A pilot randomized clinical trial of a peer support intervention for hematopoietic stem cell transplantation

作者信息Hermioni L Amonoo, Emma P Keane, Michelle Guo, Lisa M Gudenkauf, Annabella C Boardman, Isabella S Larizza, Emma D Wolfe, Manfred N Mate-Kole, Brian C Healy, Corey Cutler, Heather S Jim, Stephanie J Lee, Joseph A Greer, Jeff C Huffman, Areej El-Jawahri
PMID41945755
期刊Blood Adv
发布时间2026-06-09
DOI10.1182/bloodadvances.2025018918

摘要

Peer support has been associated with improved patient-reported outcomes (PROs), including reduced psychological distress, among patients undergoing hematopoietic stem cell transplantation (HSCT), but structured interventions are limited. This study assessed the feasibility, acceptability, and preliminary effects of a scalable peer support intervention to reduce psychological distress and enhance quality of life (QOL) post-HSCT. We conducted a pilot randomized clinical trial evaluating the Supporting Transplant Experiences with Peer Program (STEPP), a 5-session, telephone-based intervention delivered by an HSCT survivor offering psychoeducation and coping strategies. Participants were recruited 1 to 2 weeks pre-HSCT admission and randomized to STEPP or usual care.
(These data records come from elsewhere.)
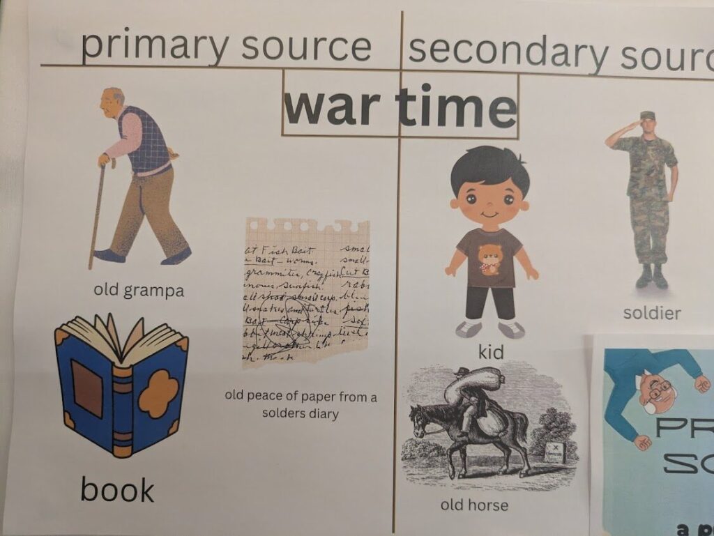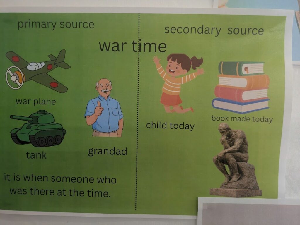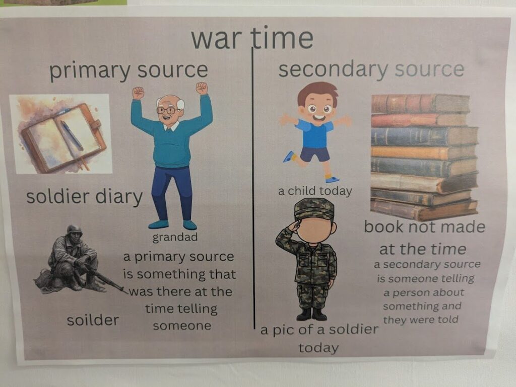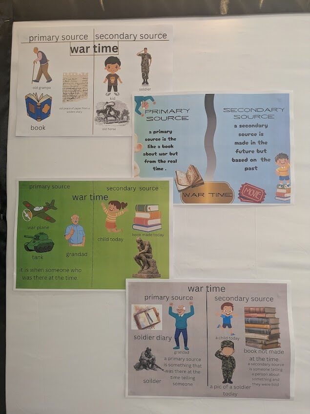 This week we have been learning about primary and secondary sources. We looked at different sources of information and discussed the properties that made them primary or secondary. The children then created posters showing possible examples of primary and secondary sources.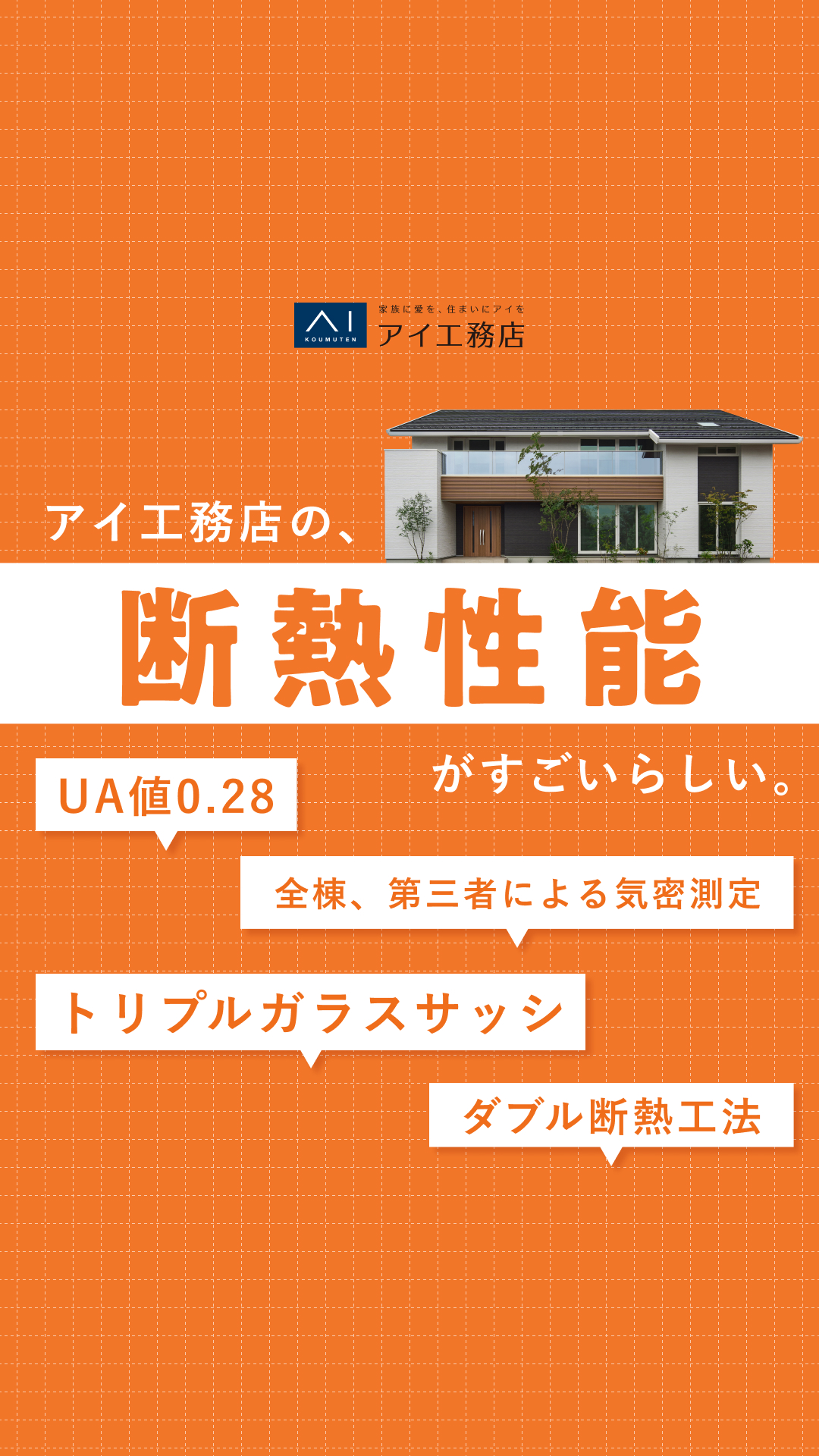 【アイ工務店】!!新商品発売!!超!超!超!大好評!!アイ工務店の『断熱性能』がすごいらしい! 2025年12月18日 最終更新日時 : 2025年12月16日 child アイ工務店から新商品!Nees 0.28発売!!■ UA値 0.28以下 全棟標準 ■ 全棟、第3者による気密測定 平均実測値 C値0.32以下■ トリプルガラスサッシ 全棟標準■ ダブル断熱工法 全棟標準 詳しくはこちらから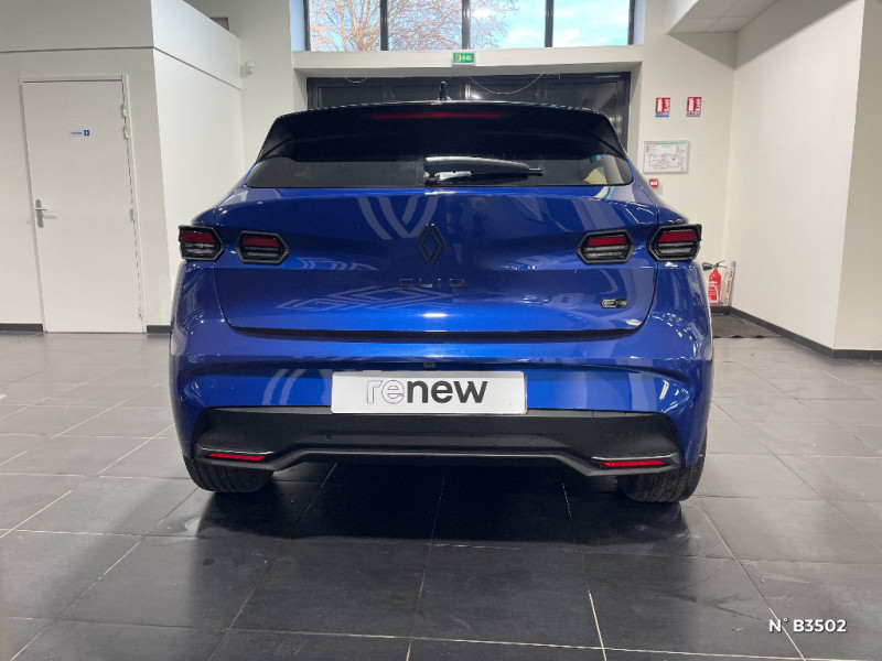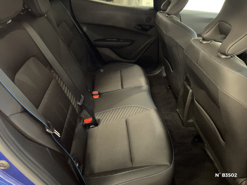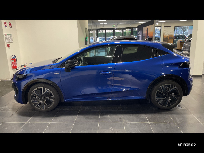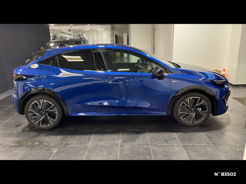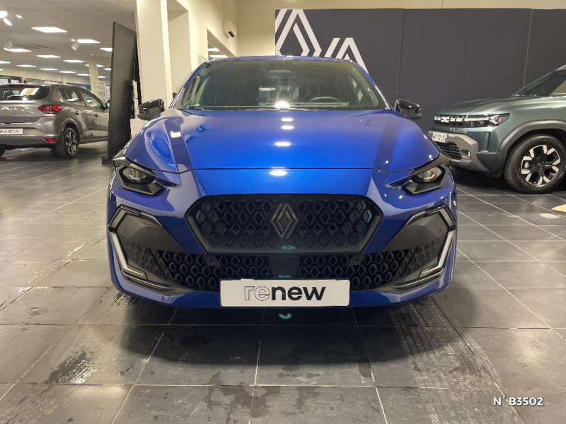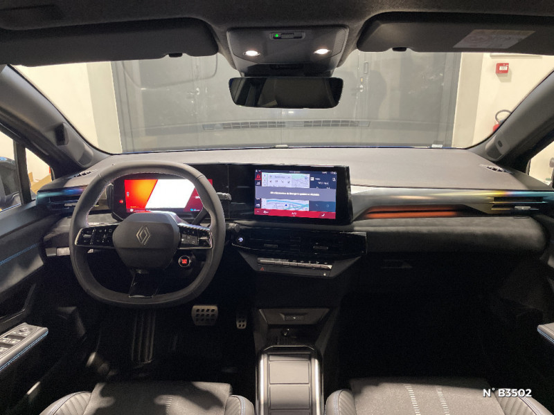 Maintenance connectée, incluse pendant 8 ans / Mise à jour système à distance, inclus pendant 5 ans / Multi-sense : choix du mode de conduite / My Safety switch (raccourci vers configuration personnalisée des aides à la conduite) / OpenR link 10,1'' : navigation, Google intégré, audio Arkamys Auditorium, 6 haut-parleurs / Pack advanced connectivity / Safety coach & safety score / Sans extension de connectivité / Sellerie textile 100% recyclé noir et textile enduit matelassé, Alcantara®, surpiqures bleues / Siège passager AV + 2 sièges AR avec technologie isofix® / Tableau de bord avec écran d'instrumentation 10'' / Témoin et alerte de non-bouclage de ceinture de sécurité / Kit anti-crevaison / Aide au parking AV/AR et latéral / Alerte de vigilance conducteur avec détection de fatigue / Alerte sortie sécurisée des occupants / Allumage automatique des phares avec commutation automatique des feux de route/ croisement / Antenne Requin / Avertisseur d'angle mort et détection AR avec correction trajectoire d'urgence / Avertisseur de distance de sécurité / Avertisseur de sortie de stationnement en marche AR avec freinage d'urgence automatique / Boîte de vitesse hybride multimode 6 rapports / Carte accès et démarrage mains-libres / Conduite semi-autonome de niveau 1 avec centrage dans la voie / Contrôle de la traction (TCS) / Détection intelligente des limitations de vitesse et prévention survitesse / Détections avec correction de trajectoire d¿urgence / Eclairage d'ambiance 3 zones / Harmonie / Jantes alliage 18'' diamantées cosmic / Pack standard connectivity, via l'app My Renault / Régulateur de vitesse adaptatif intelligent + centrage dans la voie / Réplication smartphone sans fil / Rétroviseur intérieur électrochrome avec mode jour/nuit automatique

Feasibility was defined as ≥60% enrollment and ≥60% completing ≥3 sessions. Acceptability was assessed using the Client Satisfaction Questionnaire (CSQ; ≥3/4 mean benchmark). PRO measures of anxiety, depression (Hospital Anxiety and Depression Scale), posttraumatic stress (Post-Traumatic Stress Disorder Checklist-Civilian Version), QOL (Functional Assessment of Cancer Therapy-Bone Marrow Transplant), social support (Social Support and Effectiveness Questionnaire), and self-efficacy (Cancer Self-Efficacy Scale) were assessed pre-HSCT and at 30 and 60 days post-HSCT. Mixed-effects models explored preliminary effects. We enrolled 77% (90 of 117) of eligible patients (STEPP, n = 45; usual care, n = 45); 12 became ineligible due to HSCT cancellation or postponement. Among 78 active participants (mean age, 58.9 years [standard deviation, 12.3]; 57.7% women), all STEPP participants completed ≥3 sessions, and the mean CSQ score was 3.5. STEPP showed small-to-moderate improvements in day 30 anxiety (d = -0.36) and day 60 anxiety (d = -0.58), depression (d = -0.25), posttraumatic stress (d = -0.28), QOL (d = 0.48), social support (d = 0.36), and self-efficacy (d = 0.46). STEPP exceeds feasibility and acceptability thresholds, showing promising psychosocial benefits warranting a fully powered multisite efficacy trial. This trial was registered at www.clinicaltrials.gov as NCT06010017.